The heading of my post this morning is a quote from a Trader who I used to work with. He used to mock Bears and say that resistance is meaningless in this algo driven rip fest of a market these days. Well I guess this kinda ran true last night. European trading went from strength to strength on continued chatter of this Greek debt participation deal. This took the Emini S&P500 up to the top end of my 1350 to 1357.50 res zone and before you knew it, stops went off and up we go. Resistance is Resistance until it is no more. The old cut and reverse.
Market tests resistance, fails to sell, stops go off and up she goes. That's all it is really.
Most of my analysis appears to be rather meaningless in this environment. It doesn't really matter if we have increased momentum and breadth to the downside- if they want to take this market higher they just will. I guess it all about understanding what the pain trade is, where the stops are likely to be positioned, and understanding failed patterns. The AUD was an excellent tip off yesterday as it failed to breakdown through 1.05 (futures) despite a very bearish jobs number. Somebody wanted to get started early.
So I am really not sure where this leaves us in the S&P500 and so I am back on the sidelines. I took my stop quickly and move on. I like to keep it very nimble at such junctures. That strong Daily down candle was recaptured which is bullish. However, volume was woeful but when is it not when we go up? We have NFP tonight and thus really anything can happen. I cant rule out a retest of the previous highs at Emini 1377 which would be an interesting fade area.
When you start adding lines onto a chart to try and come up with new resistance levels, you know you are probably in trouble. One could argue that we are merely retesting a neckline on the DOW and S&P500 60mins charts and thus a Head and Shoulders is playing out. I'm not so sure.
Head and Shoulders? Only if we see a big reversal and like now.
Emini S&P500 60mins:
Trading near the top end of the range. This could just be a vicious wave 2 type squueze but that is unlikely. For me, I would want to see a period of consolidation before joining any breakout higher.

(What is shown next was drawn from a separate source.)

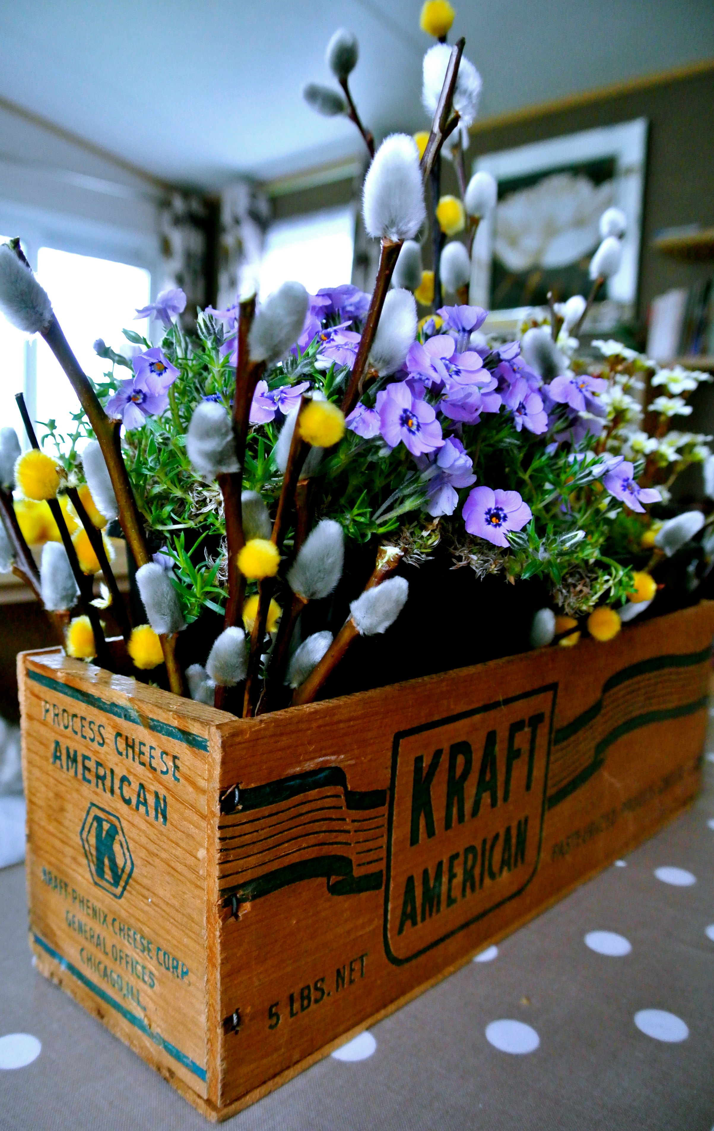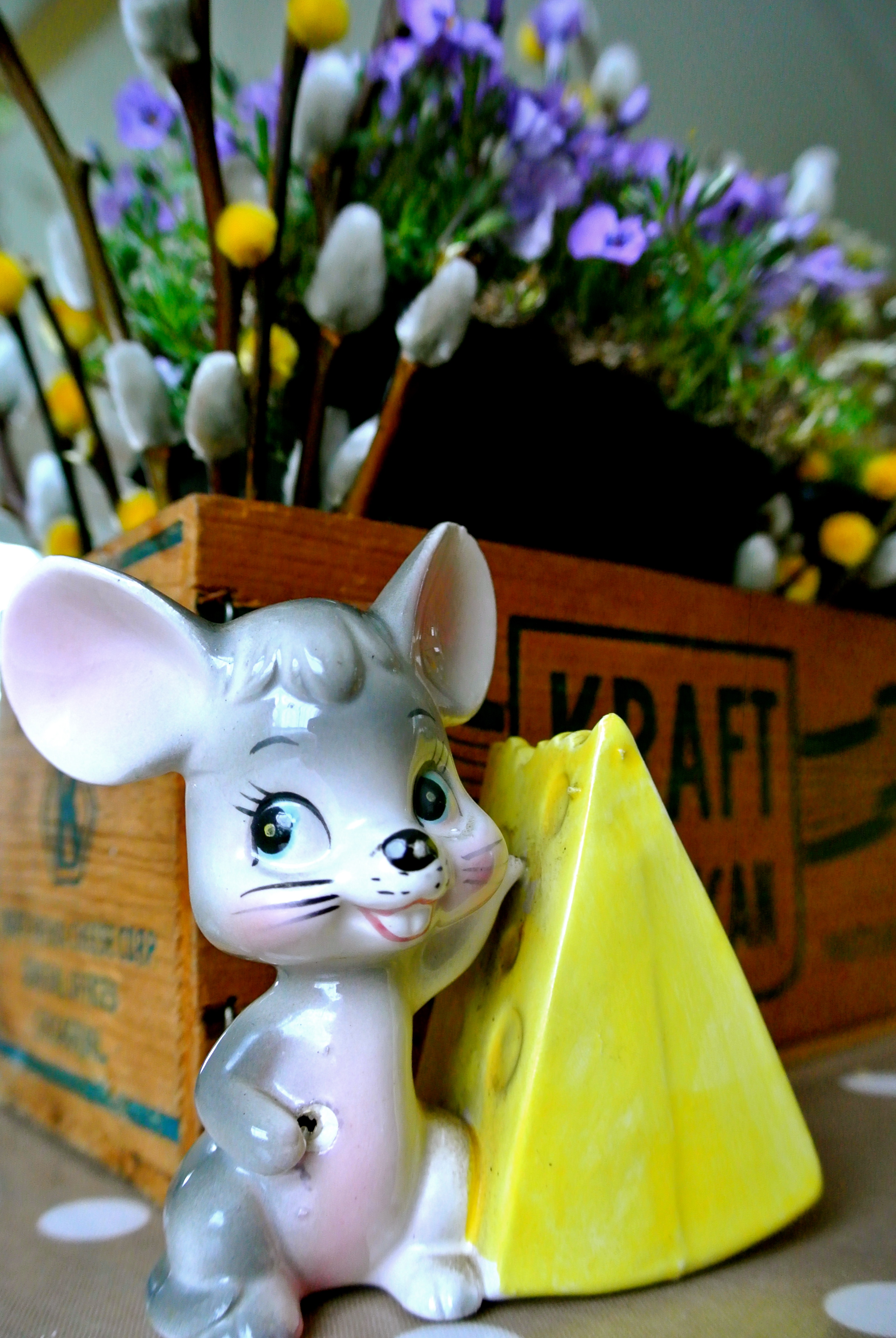 Our Easter supper this year was a simple cheese board and other snacks, framed with a lovely vintage Kraft American process cheese crate (purchased from an Etsy store) and retro cheese “pixies”.

Interestingly, AUD never really got going last night after breaking out above 1.06 futures. An interesting divergence with equities. I still think we could be tracing out somekind of 4th wave type pattern but I would only short this if it falls back down below 1.06 again. See chart below:
Base pattern under previous support. Fails to breakdown yesterday despite a very bearish jobs number. For the short term trader, when resistance breaks you have to flip to long. That 1.058/1.06 level is now very key and has to hold for the bulls.
To Australia. We have been given an absolute gift here I believe for the bears. Quite simply, price cannot recapture 4250 if this is a genuine sell off which I very much believe it is. Pls see the following posts for full details:
We are indicated at 4200 first thing. Therefore, longer term traders can start really building shorts here with stops above 4250. Short term traders should be looking to short fade 4200 with tight stops, and potentially looking for a small grind higher if it fails to sell early.
SPI Day session 15mins:
My SPI range today: 4180 to 4205. Outlier levels 4150 and 4220.
My SPI Day trading plan: Straight out of the blocks I will be looking to short fade the 4200/4205 level with tight stops. This is round number resistance, an open gap, and the 38.2 retracement off the recent 4320 high. The target for any shorts should be down to 4180 initially where I will look to cover. If we fail to sell early, I will look to flip long for a quick trade up to 4220 max. Up there, this really is an aggressive short and I will load up, with stops above 4250 for a bigger picture play.